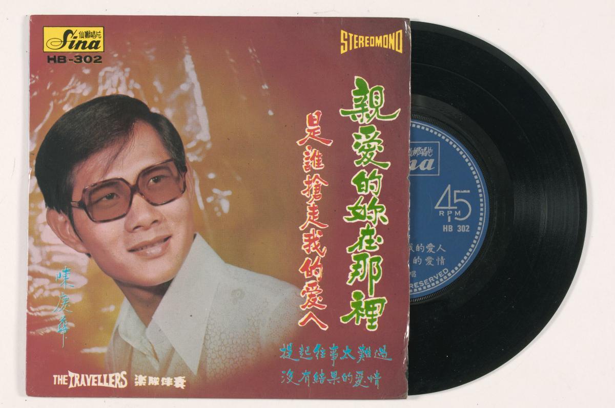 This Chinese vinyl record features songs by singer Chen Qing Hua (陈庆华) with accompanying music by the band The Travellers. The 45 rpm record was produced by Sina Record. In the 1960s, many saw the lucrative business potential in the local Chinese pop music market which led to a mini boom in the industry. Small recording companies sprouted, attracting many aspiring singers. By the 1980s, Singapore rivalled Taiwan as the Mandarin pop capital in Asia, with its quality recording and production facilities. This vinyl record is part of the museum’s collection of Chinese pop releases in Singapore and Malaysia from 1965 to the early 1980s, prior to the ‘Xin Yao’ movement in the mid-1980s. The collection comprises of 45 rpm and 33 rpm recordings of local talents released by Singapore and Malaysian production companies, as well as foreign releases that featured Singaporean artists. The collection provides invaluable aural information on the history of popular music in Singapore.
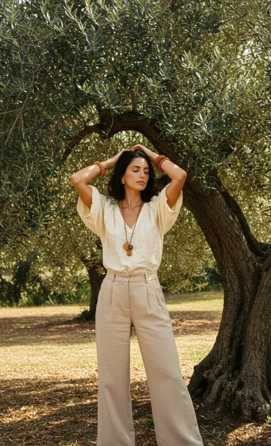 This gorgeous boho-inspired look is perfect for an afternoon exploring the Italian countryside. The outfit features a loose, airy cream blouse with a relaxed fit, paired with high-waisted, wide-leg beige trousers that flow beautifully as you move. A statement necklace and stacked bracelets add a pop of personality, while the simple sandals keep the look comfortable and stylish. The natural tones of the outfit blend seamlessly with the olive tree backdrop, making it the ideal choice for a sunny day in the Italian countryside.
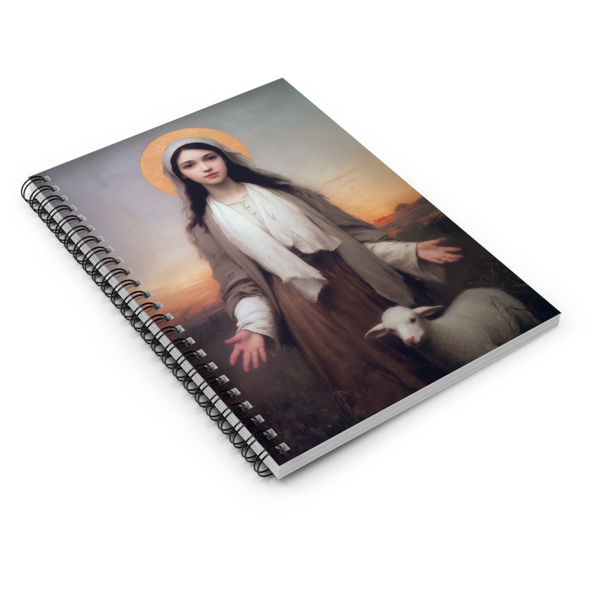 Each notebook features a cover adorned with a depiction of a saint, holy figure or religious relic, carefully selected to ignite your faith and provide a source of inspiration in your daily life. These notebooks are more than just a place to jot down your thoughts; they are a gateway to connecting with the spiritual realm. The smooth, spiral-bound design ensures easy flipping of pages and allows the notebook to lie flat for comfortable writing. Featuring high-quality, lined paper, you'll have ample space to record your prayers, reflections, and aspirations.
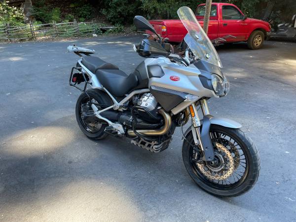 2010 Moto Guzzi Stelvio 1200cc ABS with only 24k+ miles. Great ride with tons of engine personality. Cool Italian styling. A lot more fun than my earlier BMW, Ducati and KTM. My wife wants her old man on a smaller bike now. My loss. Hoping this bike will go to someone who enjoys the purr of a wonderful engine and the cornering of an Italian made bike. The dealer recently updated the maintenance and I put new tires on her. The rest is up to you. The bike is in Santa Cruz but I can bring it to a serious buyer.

---

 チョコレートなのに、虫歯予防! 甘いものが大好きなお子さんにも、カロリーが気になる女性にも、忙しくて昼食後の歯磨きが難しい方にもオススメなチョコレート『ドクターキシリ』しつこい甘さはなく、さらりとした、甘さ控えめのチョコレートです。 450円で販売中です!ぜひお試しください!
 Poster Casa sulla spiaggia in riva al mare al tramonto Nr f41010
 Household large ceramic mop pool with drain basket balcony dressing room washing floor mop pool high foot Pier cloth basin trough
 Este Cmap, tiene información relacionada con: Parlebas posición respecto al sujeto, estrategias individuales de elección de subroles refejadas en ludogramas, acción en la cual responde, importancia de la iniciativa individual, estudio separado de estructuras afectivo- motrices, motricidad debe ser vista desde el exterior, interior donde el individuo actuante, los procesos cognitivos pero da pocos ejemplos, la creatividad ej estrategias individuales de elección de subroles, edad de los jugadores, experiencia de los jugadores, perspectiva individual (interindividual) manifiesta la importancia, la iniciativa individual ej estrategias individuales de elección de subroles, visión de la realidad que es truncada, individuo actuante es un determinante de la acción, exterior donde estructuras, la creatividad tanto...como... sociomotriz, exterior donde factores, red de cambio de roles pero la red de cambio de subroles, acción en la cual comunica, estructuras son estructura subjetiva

==

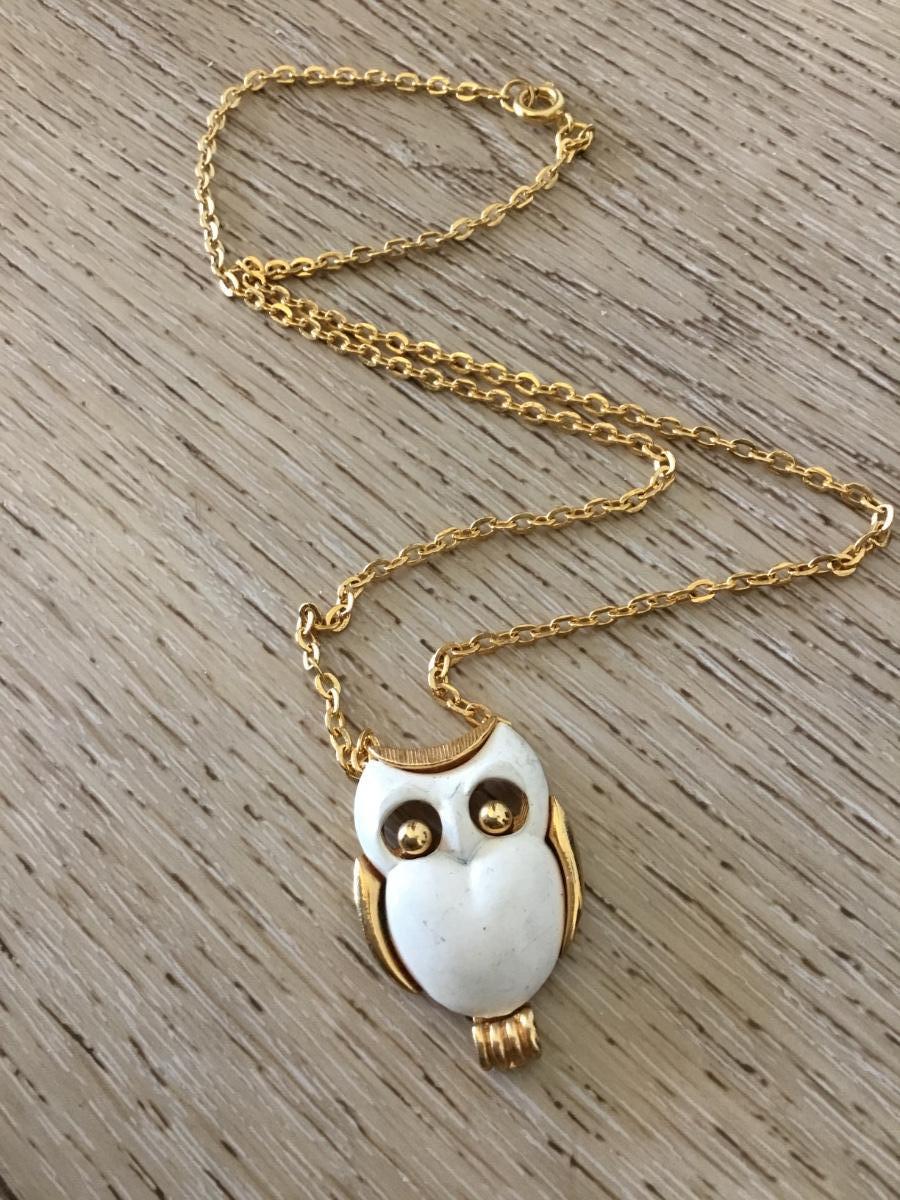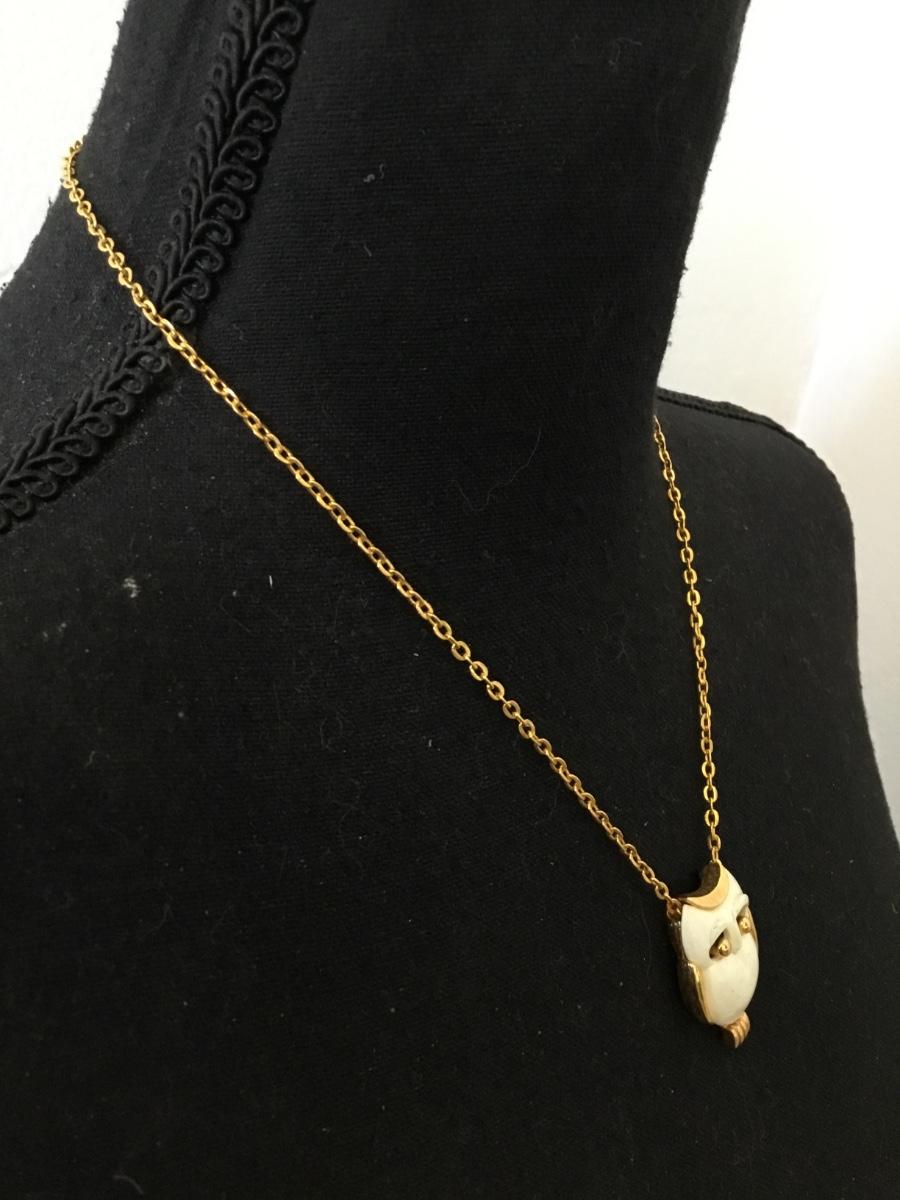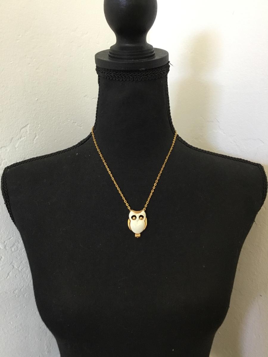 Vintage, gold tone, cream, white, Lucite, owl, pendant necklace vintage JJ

- TASK INSTRUCTIONS
Give again, word for word, every line of the listing above from the one with "Poster Casa sulla" to the one with "Household large ceramic", both inclusive, and nothing beyond them.

- EXERCISE ANSWER
 Poster Casa sulla spiaggia in riva al mare al tramonto Nr f41010
 Household large ceramic mop pool with drain basket balcony dressing room washing floor mop pool high foot Pier cloth basin trough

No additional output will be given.